Oh, I didn’t try logging back in right away because I would be logged off for 10 minutes. And I stopped watching after that anyway


----------



## ColonyMark (Sep 26, 2019)

Uberdriver2710 said:


> No ICs allowed....only ants!!!


I’m..what?


----------



## Uberdriver2710 (Jul 15, 2015)

ColonyMark said:


> I’m..what?


You take personal. 

Not an insult.


----------



## ColonyMark (Sep 26, 2019)

Uberdriver2710 said:


> You take personal.
> 
> Not an insult.


I meant to say: Um…what? As in I didn’t understand what you were saying.


----------



## Ms. Mercenary (Jul 24, 2020)

ColonyMark said:


> I meant to say: Um…what? As in I didn’t understand what you were saying.


*I*ndependent _*C*_ontractor. 😁


----------



## Uberdriver2710 (Jul 15, 2015)

ColonyMark said:


> I meant to say: Um…what? As in I didn’t understand what you were saying.


oh....ok


----------



## Uberdriver2710 (Jul 15, 2015)

Ms. Mercenary said:


> *I*ndependent _*C*_ontractor. 😁


Nailed it!!!


----------



## mrbeefy (Aug 6, 2017)

ColonyMark said:


> I was getting nothing but $2 and $3 requests. After declining about 5 in a row got a message saying I was being logged off for 10 minutes.
> Must be something new


Just started getting this yesterday.
It says paused for 10 minutes and then your dash will end. Really great that the End Dash is in red and easy to hit by accident.
I also got 5 minutes message and that was just after finishing a delivery! 
Then today the paused dash counter showed up with 19:00:00 left after finishing a delivery.

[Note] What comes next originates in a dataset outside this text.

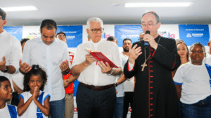 A bênção concedida pelo Arcebispo de São Salvador da Bahia, Primaz do Brasil, Cardeal Dom Sergio da Rocha, marcou o momento central da inauguração da Escola Municipal Papa Francisco, realizada na manhã desta sexta-feira (27), no bairro de Nova Esperança, em Salvador. Em um gesto de fé e esperança, o Cardeal pediu a proteção de Deus sobre o novo espaço educativo, abençoando estudantes, educadores, funcionários e as famílias da comunidade, para que a escola seja um lugar de formação integral, convivência fraterna e promoção da paz.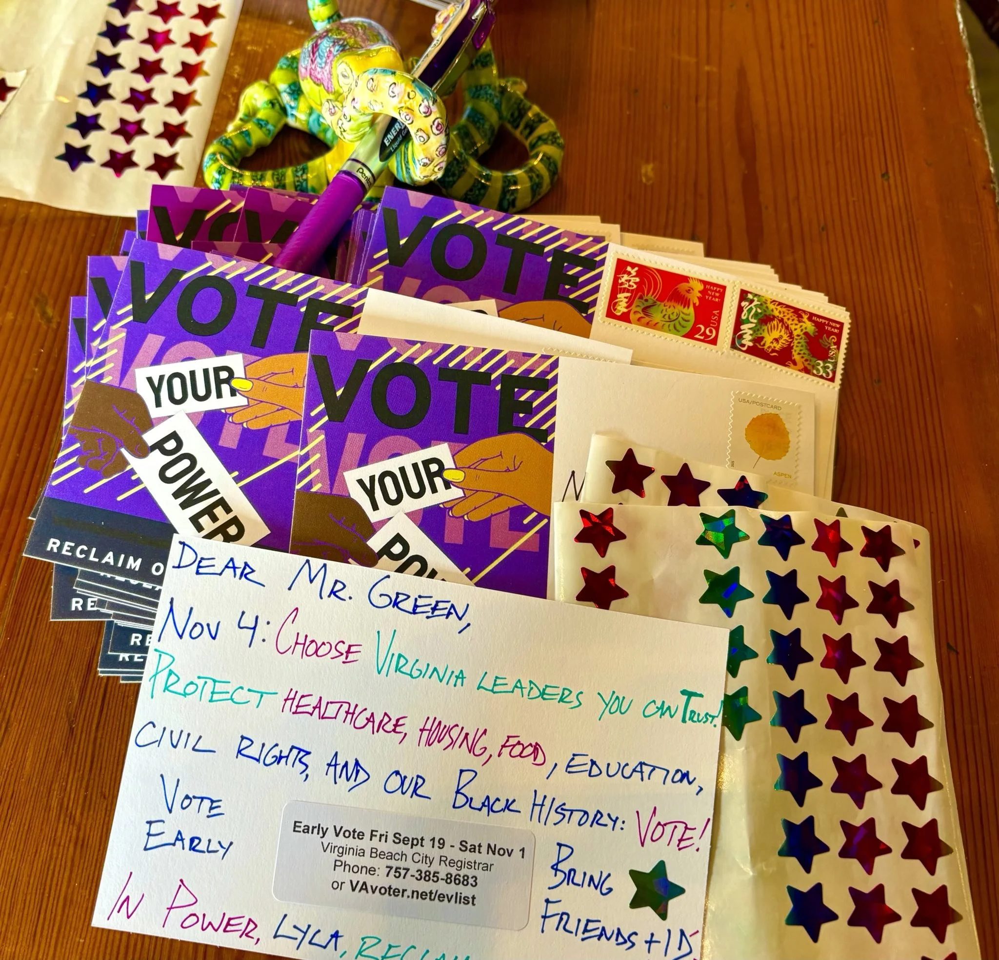 We write postcards to register voters and encourage them to vote. Wherever you live, you can help protect our freedoms.

I resumed dash of course.
After the next delivery my dash was ended so the counter kept going even after resuming and doing another delivery.
Told support and they "have u done app troubleshooting?" Byeeeeee
Started a new dash later and it immediately paused on me!
DD getting too complicated for their own good with these crappy rates, long customer wait times,, and forced acceptance. 
Only so many suckers out there...


----------



## kingcorey321 (May 20, 2018)

mrbeefy said:


> Just started getting this yesterday.
> It says paused for 10 minutes and then your dash will end. Really great that the End Dash is in red and easy to hit by accident.
> I also got 5 minutes message and that was just after finishing a delivery!
> Then today the paused dash counter showed up with 19:00:00 left after finishing a delivery. I resumed dash of course.
> ...


This is NOT new. I have been seeing this for about 2 months . Once you see that screen just click resume dash . It will allow you back online . And this is a scare tactic . Door dash needs us drivers more then we need them. 
You can always say screw you dd . Do lyfy uber gh ic pizza get a real job .


----------



## JeanOcelot0 (Dec 30, 2020)

Delivery of food (or other stuff) will never be as lucrative as taxiing pax - for the simple reason that the alternative is much easier for food (i.e., cook the meal yourself!) than for pax (i.e., have a car). Delivery ants are simply in the lowest caste.


----------



## mrbeefy (Aug 6, 2017)

kingcorey321 said:


> This is NOT new. I have been seeing this for about 2 months . Once you see that screen just click resume dash . It will allow you back online . And this is a scare tactic . Door dash needs us drivers more then we need them.
> You can always say screw you dd . Do lyfy uber gh ic pizza get a real job .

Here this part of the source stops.